Le charisme et le prestige de Sun Yat-Sen permettent de surmonter les divergences et de créer un consensus. Le 29 novembre 1911, quatre jours après son retour en Chine, les délégués révolutionnaires des différentes provinces élisent Sun Yat-Sen comme premier président à titre provisoire de la future jeune république[14]. Le 1er janvier 1912, le gouvernement provisoire de la République de Chine est officiellement constitué, avec pour capitale Nankin[15].

Sun Yat-sen 孙中山 (1866-1925) en 1922. Figure politique légendaire de l’histoire chinoise. Il est le premier président à titre provisoire de la République de Chine. Il est considéré comme le père de la Chine moderne

Toutefois, les Qing tardent à abdiquer. Sun Yat-Sen entre en négociation avec le général Yuan Shikai de l’armée de Beiyang pour tenter de le convaincre de faire pression sur la cour impériale[16]. En échange, Sun promet de démissionner et d’instituer Yuan en tant que président de la République de Chine. Finalement, Yuan accepte le marchandage et persuade les Qing de descendre du trône impérial. Les Qing abdiquent le 12 février 1912. Subséquemment, Sun Yat-Sen honore sa parole et démissionne de poste de président[17].

Cela a été une décision difficile pour Sun qui doit abandonner précocement la récompense d’une vie de combats dédiée à la révolution. Il est lucide concernant le différentiel de puissance opposant la jeune république aux forces de Yuan Shikai. En outre, il n’est pas dupe à propos des velléités autocratiques de Yuan[18]. Un compromis s’impose donc pour le succès de la révolution et pour la sauvegarde de la république.

Ainsi, durant les négociations avec son adversaire politique, Sun impose comme condition à Yuan de garantir expressément la nouvelle république[19]. De même, Sun tente d’inciter Yuan de quitter Pékin pour s’installer à Nankin. C’est une façon pour les collaborateurs de Sun du Gemingdang de surveiller le nouveau président. En vain. Enfin, Sun Yat-Sen, influencé par la théorie de la séparation des pouvoirs du philosophe français Montesquieu, conceptualise une constitution limitant les dérives autocratiques du président[20]. Adoptée le 12 mars 1912, elle formule que le président, le Sénat, le gouvernement et les tribunaux détiennent le pouvoir souverain. Surtout, elle inscrit la responsabilité du gouvernement devant le parlement.

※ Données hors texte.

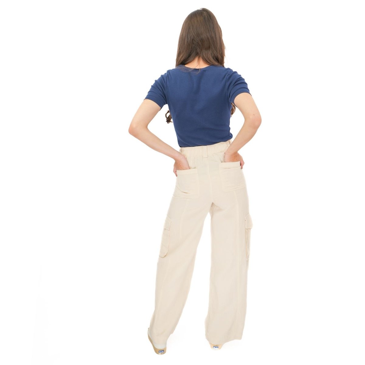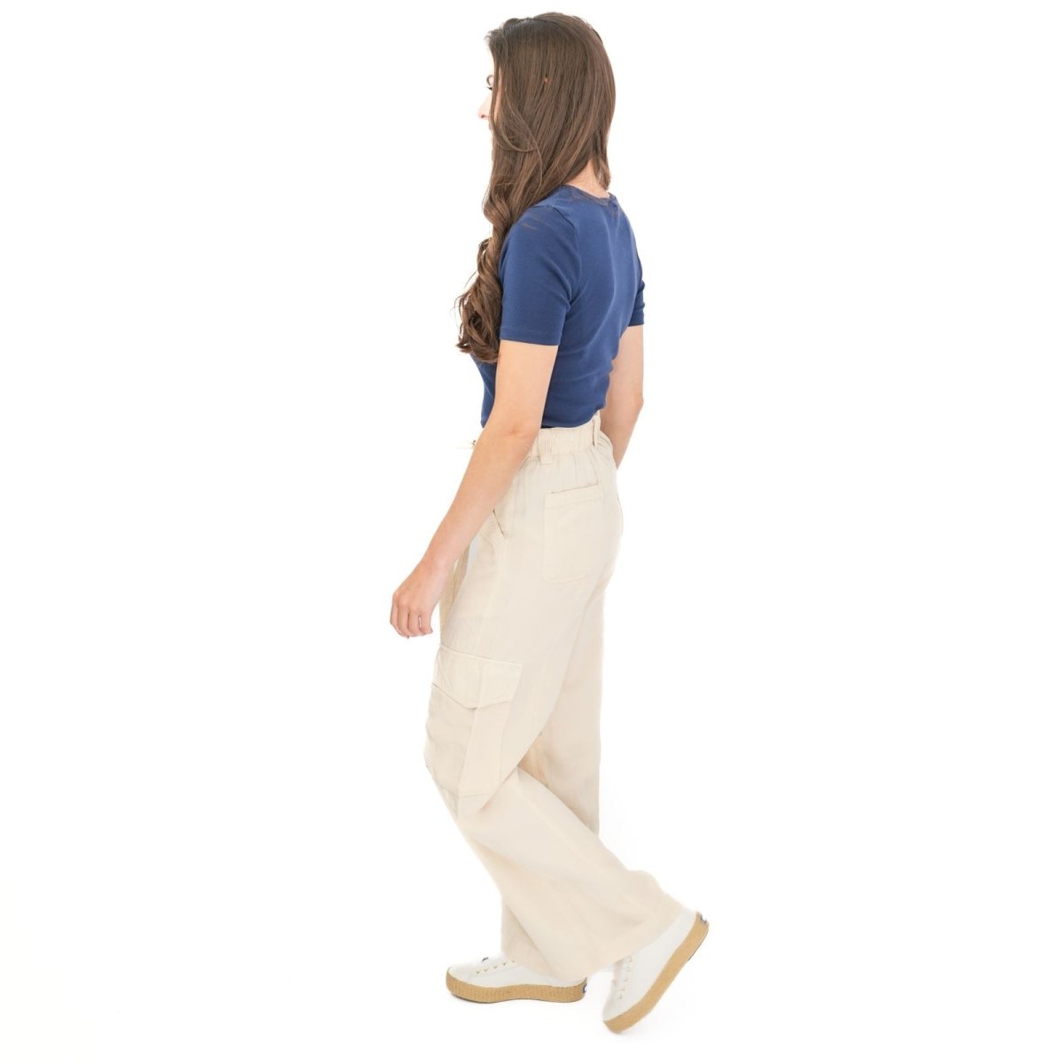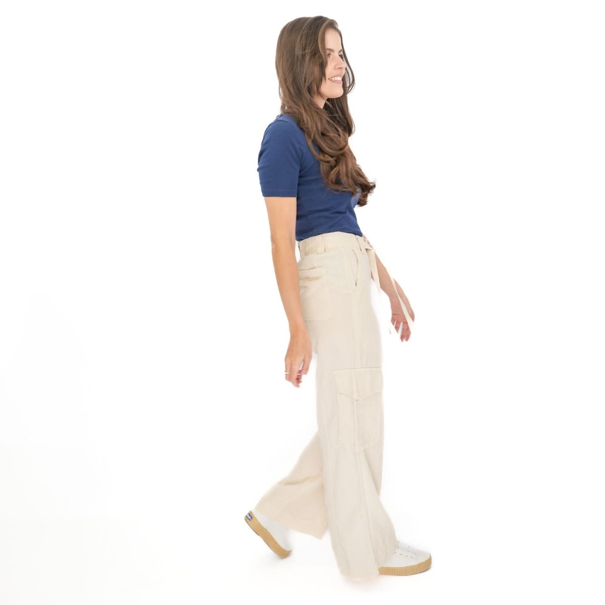 Available in Blue, Khaki and Cream, these trousers style effortlessly with simple tees, lightweight knits or tailored tops — making them ideal for holidays, city breaks, smart-casual outfits or elevated everyday wear.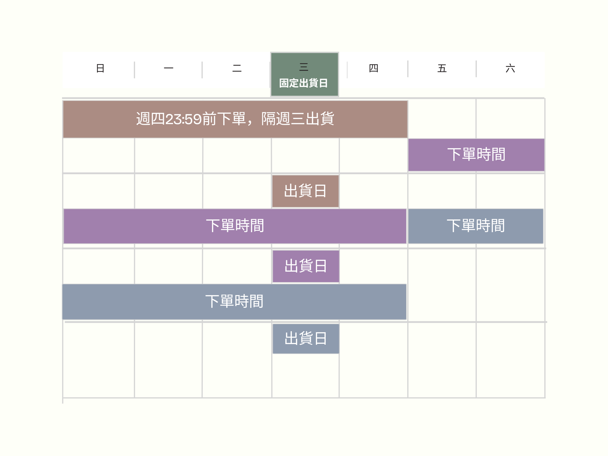 若遇節慶訂單較多或不可抗力天災因素,導致延遲出貨將另行通知。

Cette constitution échoue à bloquer toute dérive autoritaire. En janvier 1914, Yuan Shikai dissout le parlement[21]. En décembre 1915, il essaie vainement de s’accaparer le pouvoir en se proclamant empereur[22].

Yuan Shikai 袁世凯 (1859-1916) en 1915. Général dans l’armée des Qing, il succède à Sun Yat-Sen à la présidence de la République de Chine en 1912. Trois ans plus tard, il tente en vain de s’accaparer le pouvoir en se proclamant empereur. Il meurt de maladie en 1916

En conclusion, la révolution de Xinhai a ouvert la voie à une première modernisation du pays[23]. Elle a permis une libéralisation préliminaire de la société chinoise avec la création de la République de Chine. Cependant, elle n’a pas mis fin à l’impérialisme étranger et aux divisions internes qui vont aboutir sur des décennies de guerres intestines et de guerre contre l’occupant étranger. Les traités inégaux signés sous la Chine des Qing, accordant des privilèges de toutes sortes aux puissances étrangères ne sont que définitivement abolis avec l’avènement du pouvoir communiste en Chine. La nouvelle république est un régime faible qui n’exerce vraiment qu’un contrôle relatif du Sud de la Chine, elle voit son pouvoir disputé par les intérêts des seigneurs de guerre pendant encore deux décennies.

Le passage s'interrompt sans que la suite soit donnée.